• [Problem to solve] Only one stretch of the data below is needed. Output the lines from the one with "Die Mischung ist" up to and including the one with "Här frossas det i den jätta delikatessen..", exactly as they stand.
Given records Block Start
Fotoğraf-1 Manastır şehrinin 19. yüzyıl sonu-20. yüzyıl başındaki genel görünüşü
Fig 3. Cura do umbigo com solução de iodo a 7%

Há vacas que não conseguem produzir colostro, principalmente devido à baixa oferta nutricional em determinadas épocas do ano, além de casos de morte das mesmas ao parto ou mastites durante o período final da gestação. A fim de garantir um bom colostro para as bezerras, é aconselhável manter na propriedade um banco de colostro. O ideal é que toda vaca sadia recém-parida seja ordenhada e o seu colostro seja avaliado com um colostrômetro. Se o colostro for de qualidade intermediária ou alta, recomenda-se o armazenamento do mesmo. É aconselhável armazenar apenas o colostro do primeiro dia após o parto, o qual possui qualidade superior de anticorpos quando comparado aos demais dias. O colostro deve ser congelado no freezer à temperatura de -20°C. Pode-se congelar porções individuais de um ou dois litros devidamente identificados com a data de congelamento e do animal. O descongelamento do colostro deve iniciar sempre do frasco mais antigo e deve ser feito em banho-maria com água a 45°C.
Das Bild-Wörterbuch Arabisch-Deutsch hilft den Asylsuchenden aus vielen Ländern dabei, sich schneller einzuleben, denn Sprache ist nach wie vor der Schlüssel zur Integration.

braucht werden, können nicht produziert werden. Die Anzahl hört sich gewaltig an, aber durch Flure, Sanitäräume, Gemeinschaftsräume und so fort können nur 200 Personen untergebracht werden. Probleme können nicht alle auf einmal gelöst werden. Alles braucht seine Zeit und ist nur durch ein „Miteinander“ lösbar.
Given records Block End
Given records Block Start
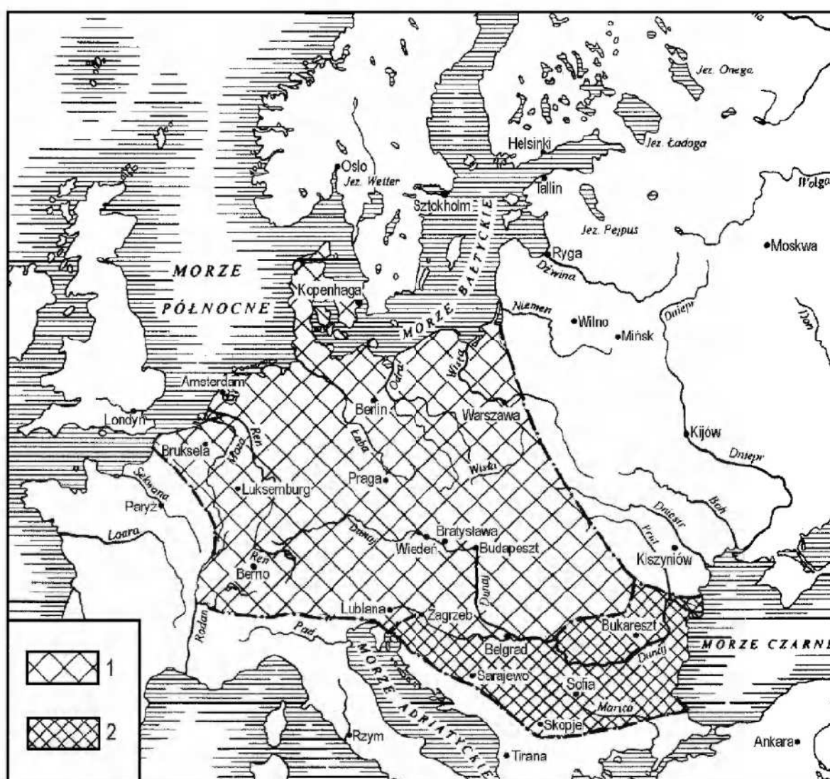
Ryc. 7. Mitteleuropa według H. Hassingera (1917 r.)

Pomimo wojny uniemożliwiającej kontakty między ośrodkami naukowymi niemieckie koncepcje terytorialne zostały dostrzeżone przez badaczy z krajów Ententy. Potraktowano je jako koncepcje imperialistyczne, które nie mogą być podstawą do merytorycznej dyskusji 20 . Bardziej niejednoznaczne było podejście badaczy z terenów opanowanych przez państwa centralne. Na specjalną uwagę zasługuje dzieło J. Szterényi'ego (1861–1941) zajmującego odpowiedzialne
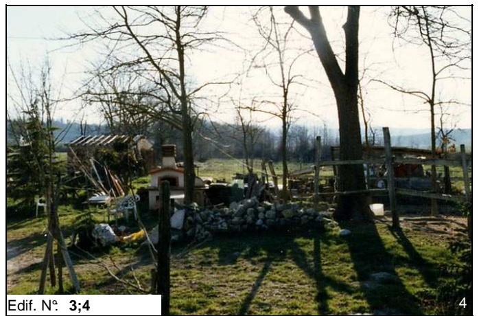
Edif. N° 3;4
Given records Block End
Given records Block Start
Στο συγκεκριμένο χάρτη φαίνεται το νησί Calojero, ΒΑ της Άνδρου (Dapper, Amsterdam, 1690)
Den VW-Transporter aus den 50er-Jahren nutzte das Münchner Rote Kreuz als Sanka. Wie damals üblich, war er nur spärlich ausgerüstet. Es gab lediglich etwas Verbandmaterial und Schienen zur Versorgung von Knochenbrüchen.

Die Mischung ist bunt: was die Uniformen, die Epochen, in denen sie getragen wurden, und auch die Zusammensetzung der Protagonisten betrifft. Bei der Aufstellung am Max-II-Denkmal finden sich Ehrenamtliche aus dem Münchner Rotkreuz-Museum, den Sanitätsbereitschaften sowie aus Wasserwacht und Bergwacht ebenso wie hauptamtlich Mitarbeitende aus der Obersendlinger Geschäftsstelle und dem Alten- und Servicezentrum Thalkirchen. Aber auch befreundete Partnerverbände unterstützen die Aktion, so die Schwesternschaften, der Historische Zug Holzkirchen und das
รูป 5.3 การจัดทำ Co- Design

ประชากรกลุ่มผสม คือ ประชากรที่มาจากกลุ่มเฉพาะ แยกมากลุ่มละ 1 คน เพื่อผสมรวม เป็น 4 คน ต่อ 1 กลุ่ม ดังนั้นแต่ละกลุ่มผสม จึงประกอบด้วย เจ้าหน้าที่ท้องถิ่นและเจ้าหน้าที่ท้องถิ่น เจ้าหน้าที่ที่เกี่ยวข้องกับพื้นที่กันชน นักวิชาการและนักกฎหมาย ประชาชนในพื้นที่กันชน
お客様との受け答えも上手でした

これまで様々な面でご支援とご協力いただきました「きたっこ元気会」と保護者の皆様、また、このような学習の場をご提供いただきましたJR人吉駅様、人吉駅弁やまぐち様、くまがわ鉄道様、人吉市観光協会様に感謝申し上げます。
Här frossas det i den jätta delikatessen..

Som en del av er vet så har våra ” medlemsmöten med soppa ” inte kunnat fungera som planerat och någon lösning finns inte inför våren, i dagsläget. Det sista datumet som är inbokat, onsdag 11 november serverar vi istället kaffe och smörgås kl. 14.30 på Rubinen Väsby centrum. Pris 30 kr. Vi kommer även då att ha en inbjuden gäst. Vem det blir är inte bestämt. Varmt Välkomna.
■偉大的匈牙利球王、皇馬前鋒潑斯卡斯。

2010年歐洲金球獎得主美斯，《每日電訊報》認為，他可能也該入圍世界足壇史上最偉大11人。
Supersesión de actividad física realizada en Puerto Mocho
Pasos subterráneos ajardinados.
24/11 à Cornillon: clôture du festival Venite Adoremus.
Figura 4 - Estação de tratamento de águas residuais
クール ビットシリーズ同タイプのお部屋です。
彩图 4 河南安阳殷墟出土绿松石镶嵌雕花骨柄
Given records Block End
• [Answer]
Die Mischung ist bunt: was die Uniformen, die Epochen, in denen sie getragen wurden, und auch die Zusammensetzung der Protagonisten betrifft. Bei der Aufstellung am Max-II-Denkmal finden sich Ehrenamtliche aus dem Münchner Rotkreuz-Museum, den Sanitätsbereitschaften sowie aus Wasserwacht und Bergwacht ebenso wie hauptamtlich Mitarbeitende aus der Obersendlinger Geschäftsstelle und dem Alten- und Servicezentrum Thalkirchen. Aber auch befreundete Partnerverbände unterstützen die Aktion, so die Schwesternschaften, der Historische Zug Holzkirchen und das
รูป 5.3 การจัดทำ Co- Design

ประชากรกลุ่มผสม คือ ประชากรที่มาจากกลุ่มเฉพาะ แยกมากลุ่มละ 1 คน เพื่อผสมรวม เป็น 4 คน ต่อ 1 กลุ่ม ดังนั้นแต่ละกลุ่มผสม จึงประกอบด้วย เจ้าหน้าที่ท้องถิ่นและเจ้าหน้าที่ท้องถิ่น เจ้าหน้าที่ที่เกี่ยวข้องกับพื้นที่กันชน นักวิชาการและนักกฎหมาย ประชาชนในพื้นที่กันชน
お客様との受け答えも上手でした

これまで様々な面でご支援とご協力いただきました「きたっこ元気会」と保護者の皆様、また、このような学習の場をご提供いただきましたJR人吉駅様、人吉駅弁やまぐち様、くまがわ鉄道様、人吉市観光協会様に感謝申し上げます。
Här frossas det i den jätta delikatessen..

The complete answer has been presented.